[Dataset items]
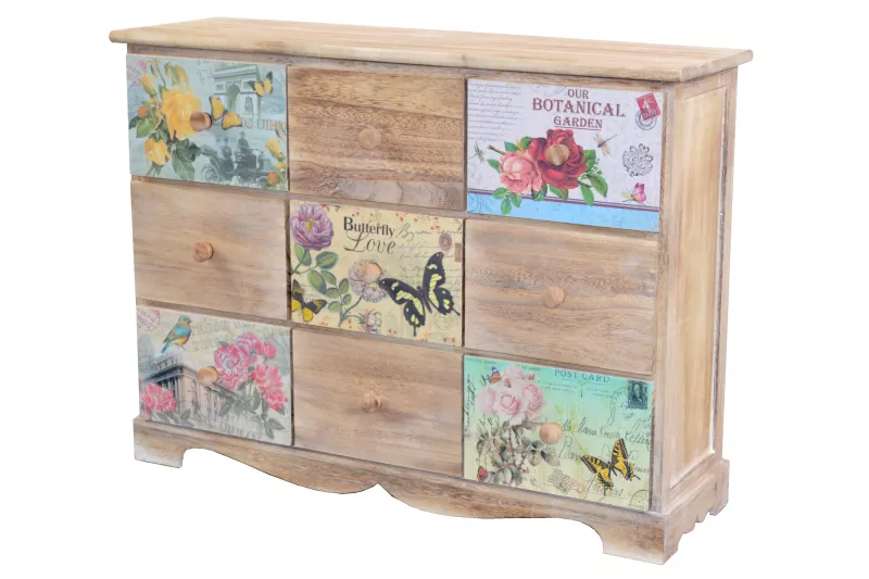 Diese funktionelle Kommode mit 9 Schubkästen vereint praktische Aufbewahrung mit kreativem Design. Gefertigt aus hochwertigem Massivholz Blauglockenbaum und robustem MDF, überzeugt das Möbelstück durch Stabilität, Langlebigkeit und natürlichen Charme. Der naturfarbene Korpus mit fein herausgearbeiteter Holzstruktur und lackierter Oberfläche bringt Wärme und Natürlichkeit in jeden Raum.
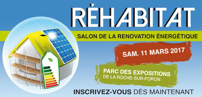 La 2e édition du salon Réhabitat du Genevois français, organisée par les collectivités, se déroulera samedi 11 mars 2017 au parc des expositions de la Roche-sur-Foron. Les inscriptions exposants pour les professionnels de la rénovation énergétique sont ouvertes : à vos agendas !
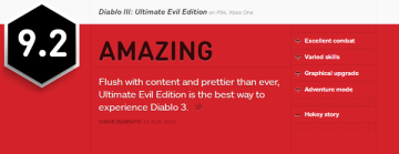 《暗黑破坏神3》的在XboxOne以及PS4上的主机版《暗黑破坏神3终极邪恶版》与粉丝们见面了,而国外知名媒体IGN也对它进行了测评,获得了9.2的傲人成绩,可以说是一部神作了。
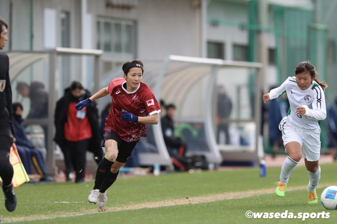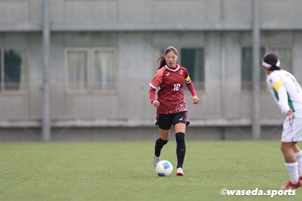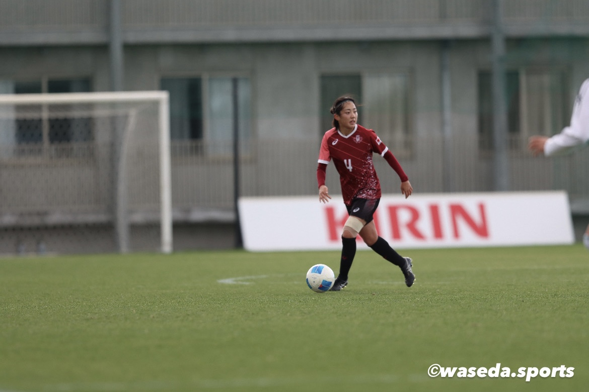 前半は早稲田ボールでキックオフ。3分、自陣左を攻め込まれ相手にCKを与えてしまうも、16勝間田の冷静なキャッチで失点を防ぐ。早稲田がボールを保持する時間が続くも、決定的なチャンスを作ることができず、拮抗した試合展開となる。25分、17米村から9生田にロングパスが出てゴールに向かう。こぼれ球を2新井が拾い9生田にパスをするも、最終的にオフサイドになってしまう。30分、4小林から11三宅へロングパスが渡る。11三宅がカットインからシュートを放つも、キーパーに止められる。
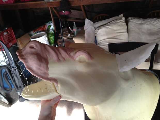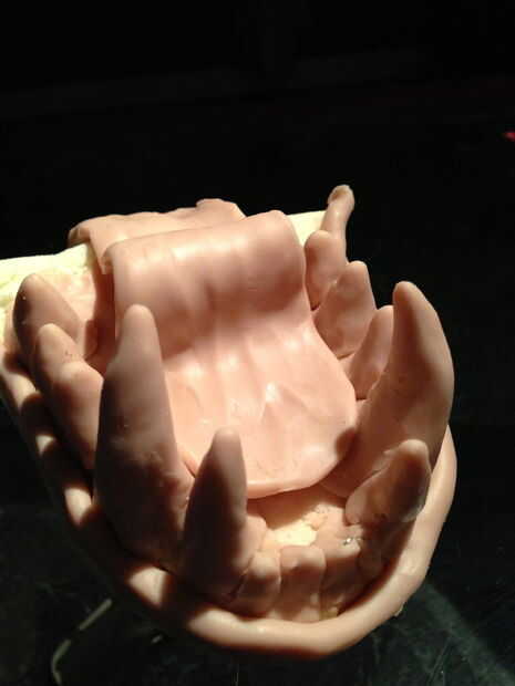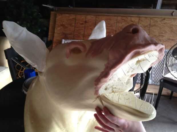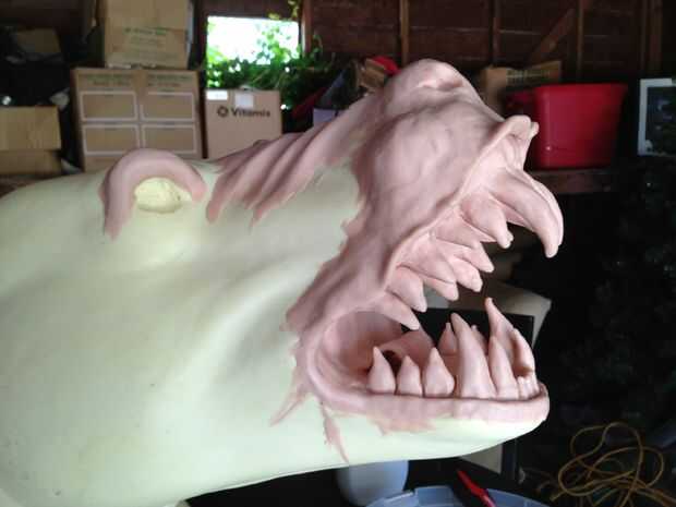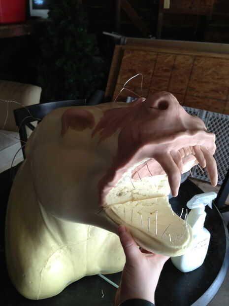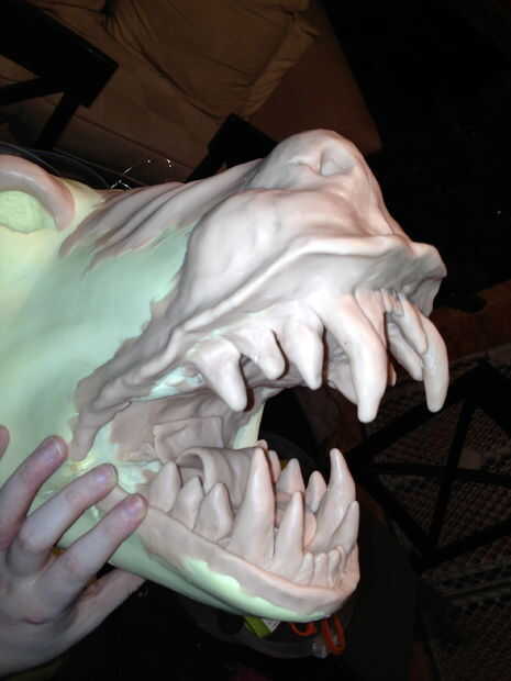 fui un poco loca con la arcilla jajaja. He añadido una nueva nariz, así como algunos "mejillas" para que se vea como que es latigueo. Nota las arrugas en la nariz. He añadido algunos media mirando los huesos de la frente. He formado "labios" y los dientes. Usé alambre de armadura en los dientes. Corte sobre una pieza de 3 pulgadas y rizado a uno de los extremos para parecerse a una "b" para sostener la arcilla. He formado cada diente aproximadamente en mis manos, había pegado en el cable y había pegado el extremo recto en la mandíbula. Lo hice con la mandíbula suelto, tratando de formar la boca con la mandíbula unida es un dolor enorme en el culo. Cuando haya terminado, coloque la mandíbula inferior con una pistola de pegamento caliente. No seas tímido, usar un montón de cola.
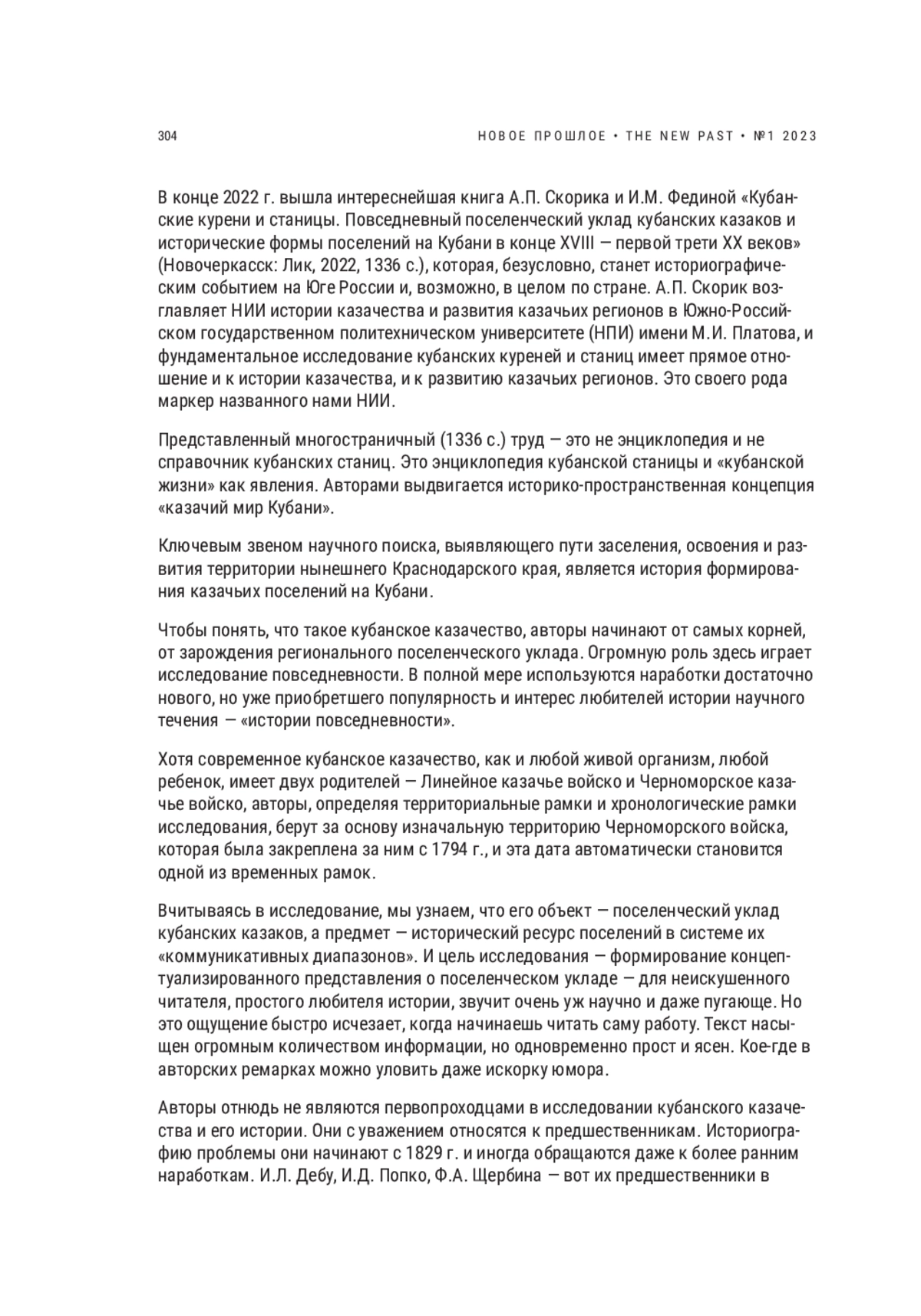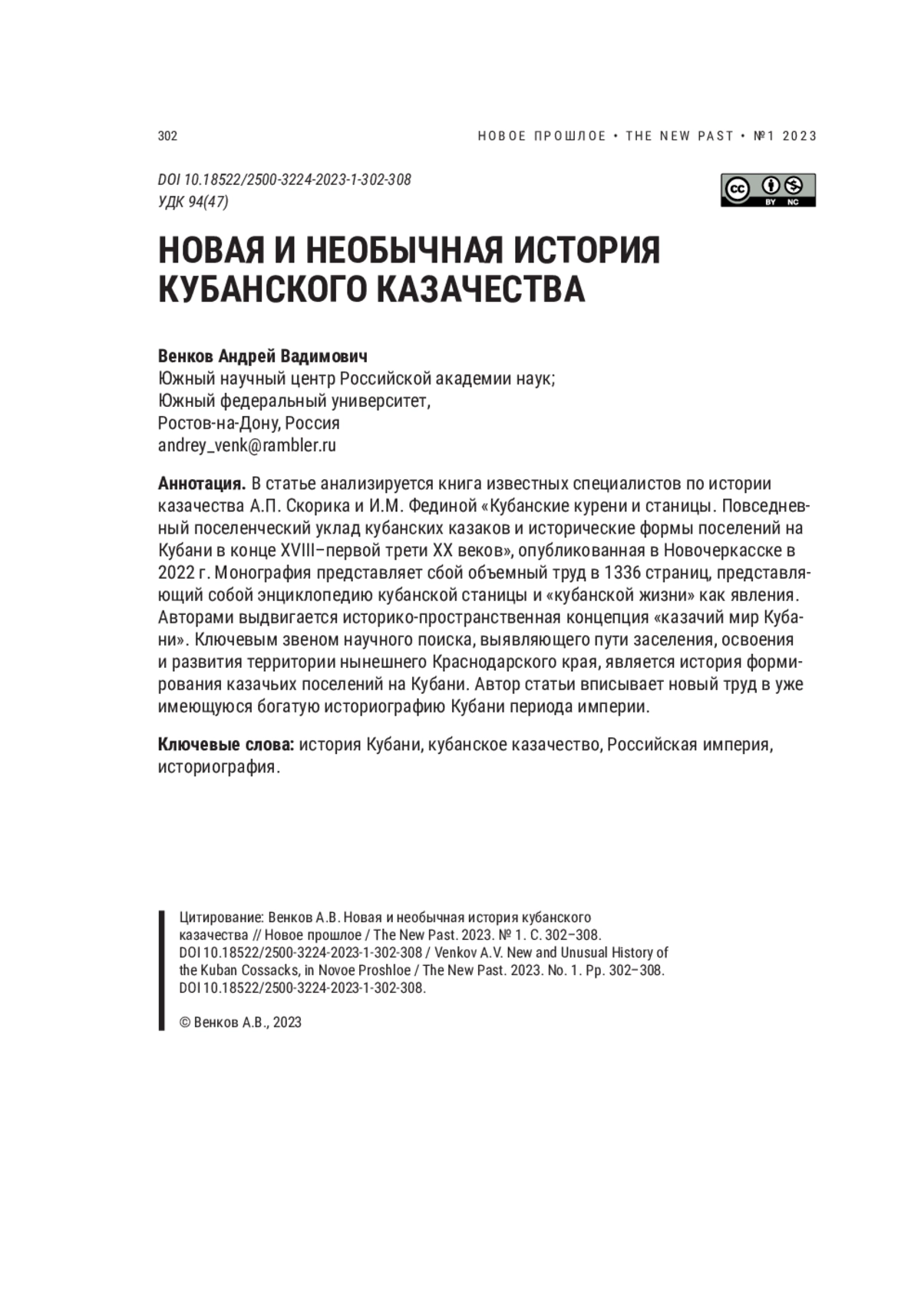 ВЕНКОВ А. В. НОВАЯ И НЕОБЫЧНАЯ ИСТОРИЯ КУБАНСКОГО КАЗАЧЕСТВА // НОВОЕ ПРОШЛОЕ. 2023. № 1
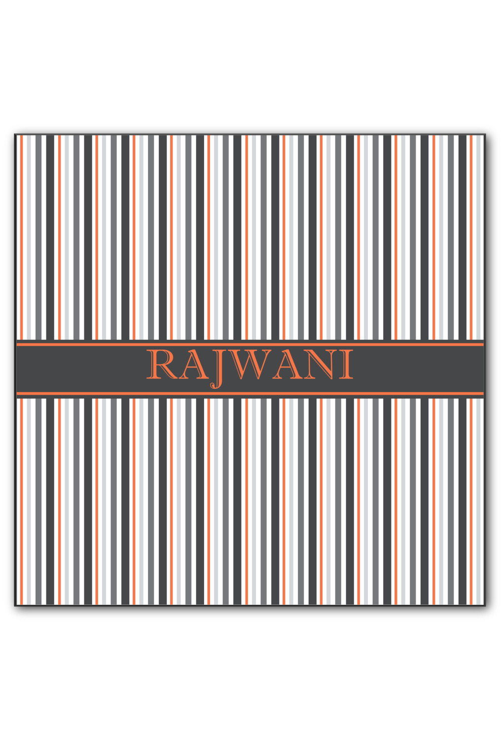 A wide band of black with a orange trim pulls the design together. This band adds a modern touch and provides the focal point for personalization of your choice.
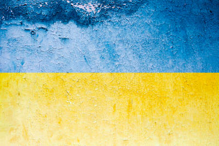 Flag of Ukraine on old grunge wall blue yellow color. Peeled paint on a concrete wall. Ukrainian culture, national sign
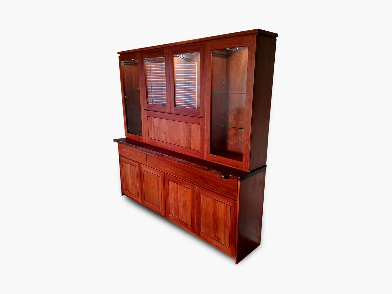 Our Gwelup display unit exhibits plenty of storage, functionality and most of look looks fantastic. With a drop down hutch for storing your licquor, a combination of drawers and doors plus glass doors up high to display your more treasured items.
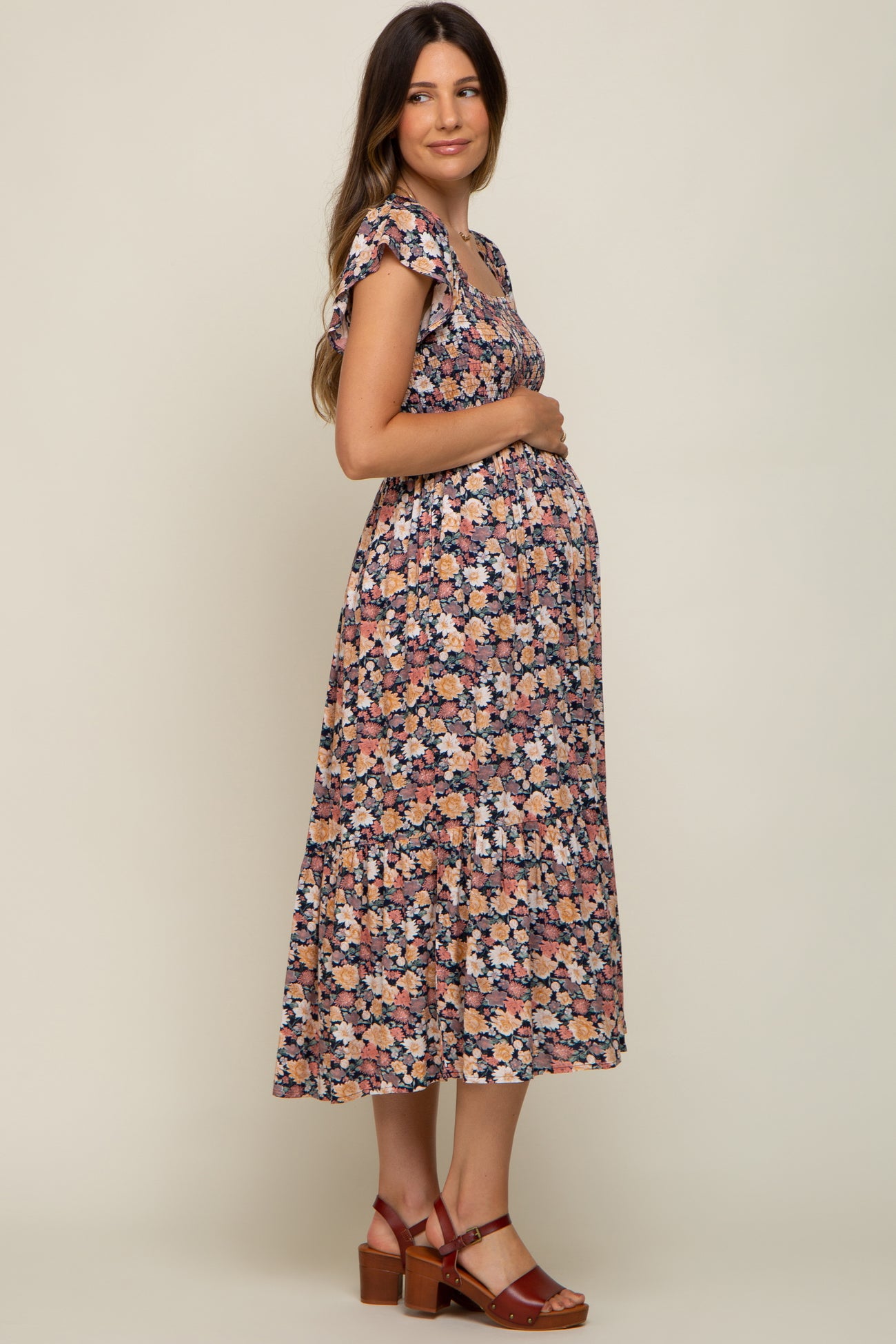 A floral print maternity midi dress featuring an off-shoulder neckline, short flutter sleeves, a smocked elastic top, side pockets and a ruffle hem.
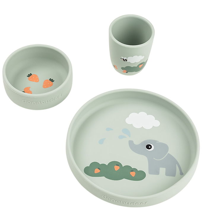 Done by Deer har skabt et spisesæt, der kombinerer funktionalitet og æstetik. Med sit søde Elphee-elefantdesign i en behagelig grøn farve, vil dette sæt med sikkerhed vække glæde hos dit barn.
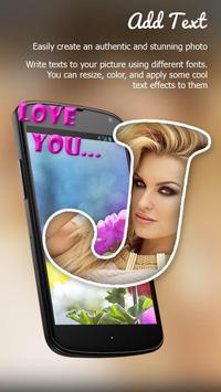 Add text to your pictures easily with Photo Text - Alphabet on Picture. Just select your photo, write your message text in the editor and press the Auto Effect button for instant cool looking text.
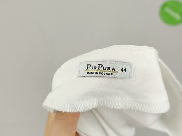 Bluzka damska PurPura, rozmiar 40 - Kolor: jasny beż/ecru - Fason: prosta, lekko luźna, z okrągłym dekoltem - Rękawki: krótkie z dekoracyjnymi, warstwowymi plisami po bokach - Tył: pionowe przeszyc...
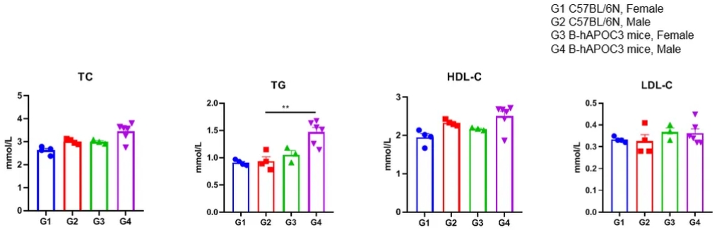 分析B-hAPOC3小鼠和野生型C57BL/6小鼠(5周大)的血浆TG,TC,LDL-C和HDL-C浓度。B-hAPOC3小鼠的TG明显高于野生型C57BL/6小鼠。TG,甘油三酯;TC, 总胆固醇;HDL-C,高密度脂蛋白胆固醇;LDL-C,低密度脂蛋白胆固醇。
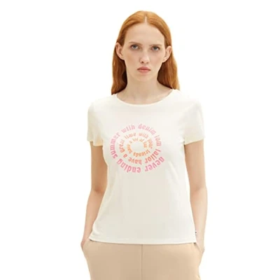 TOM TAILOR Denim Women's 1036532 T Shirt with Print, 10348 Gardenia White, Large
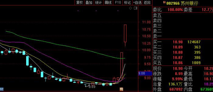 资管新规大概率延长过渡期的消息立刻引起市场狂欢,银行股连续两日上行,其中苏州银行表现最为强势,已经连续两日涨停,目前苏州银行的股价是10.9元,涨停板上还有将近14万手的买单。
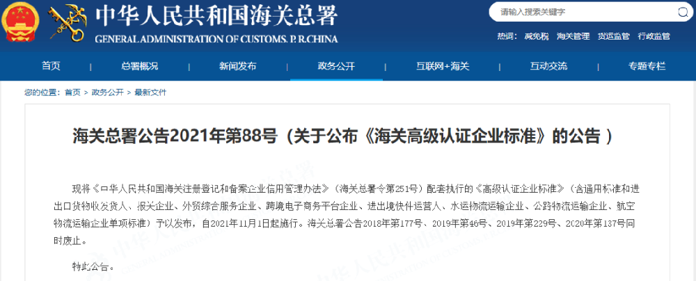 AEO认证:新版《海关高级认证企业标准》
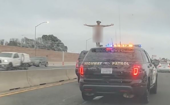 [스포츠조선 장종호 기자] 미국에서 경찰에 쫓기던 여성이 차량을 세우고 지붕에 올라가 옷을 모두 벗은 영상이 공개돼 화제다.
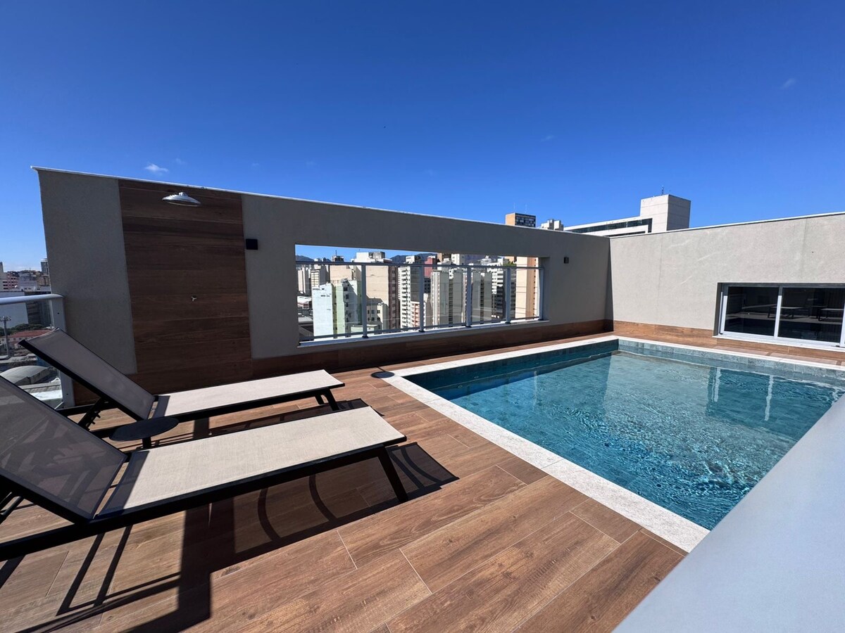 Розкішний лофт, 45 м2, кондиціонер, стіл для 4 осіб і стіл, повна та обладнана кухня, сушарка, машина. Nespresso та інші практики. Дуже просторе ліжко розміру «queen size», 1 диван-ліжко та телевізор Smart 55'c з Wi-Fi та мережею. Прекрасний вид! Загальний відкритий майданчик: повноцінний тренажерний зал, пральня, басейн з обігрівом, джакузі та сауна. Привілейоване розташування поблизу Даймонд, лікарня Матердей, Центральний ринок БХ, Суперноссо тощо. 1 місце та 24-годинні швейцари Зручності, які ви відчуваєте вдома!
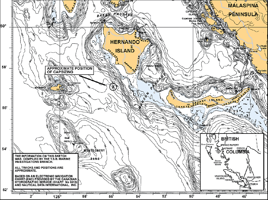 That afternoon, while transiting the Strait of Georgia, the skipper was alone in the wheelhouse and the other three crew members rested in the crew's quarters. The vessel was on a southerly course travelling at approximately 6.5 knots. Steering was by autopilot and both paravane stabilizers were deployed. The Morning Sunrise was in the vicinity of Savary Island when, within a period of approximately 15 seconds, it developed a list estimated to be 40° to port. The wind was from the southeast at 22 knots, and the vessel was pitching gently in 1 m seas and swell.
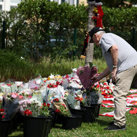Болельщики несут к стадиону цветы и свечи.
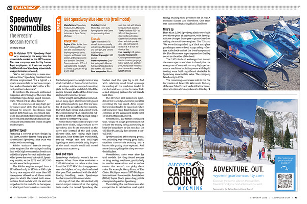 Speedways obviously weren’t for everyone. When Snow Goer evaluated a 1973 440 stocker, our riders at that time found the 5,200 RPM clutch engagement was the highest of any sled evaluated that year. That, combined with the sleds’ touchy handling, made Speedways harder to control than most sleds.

Exercise brief -
From the data above, retype only the lines starting with the line with "分析B-hAPOC3小鼠和野" and going on through the line with "[스포츠조선 장종호 기자]", exactly, leaving out the pictures.

Task solution -
 分析B-hAPOC3小鼠和野生型C57BL/6小鼠(5周大)的血浆TG,TC,LDL-C和HDL-C浓度。B-hAPOC3小鼠的TG明显高于野生型C57BL/6小鼠。TG,甘油三酯;TC, 总胆固醇;HDL-C,高密度脂蛋白胆固醇;LDL-C,低密度脂蛋白胆固醇。
 TOM TAILOR Denim Women's 1036532 T Shirt with Print, 10348 Gardenia White, Large
 资管新规大概率延长过渡期的消息立刻引起市场狂欢,银行股连续两日上行,其中苏州银行表现最为强势,已经连续两日涨停,目前苏州银行的股价是10.9元,涨停板上还有将近14万手的买单。
 AEO认证:新版《海关高级认证企业标准》
 [스포츠조선 장종호 기자] 미국에서 경찰에 쫓기던 여성이 차량을 세우고 지붕에 올라가 옷을 모두 벗은 영상이 공개돼 화제다.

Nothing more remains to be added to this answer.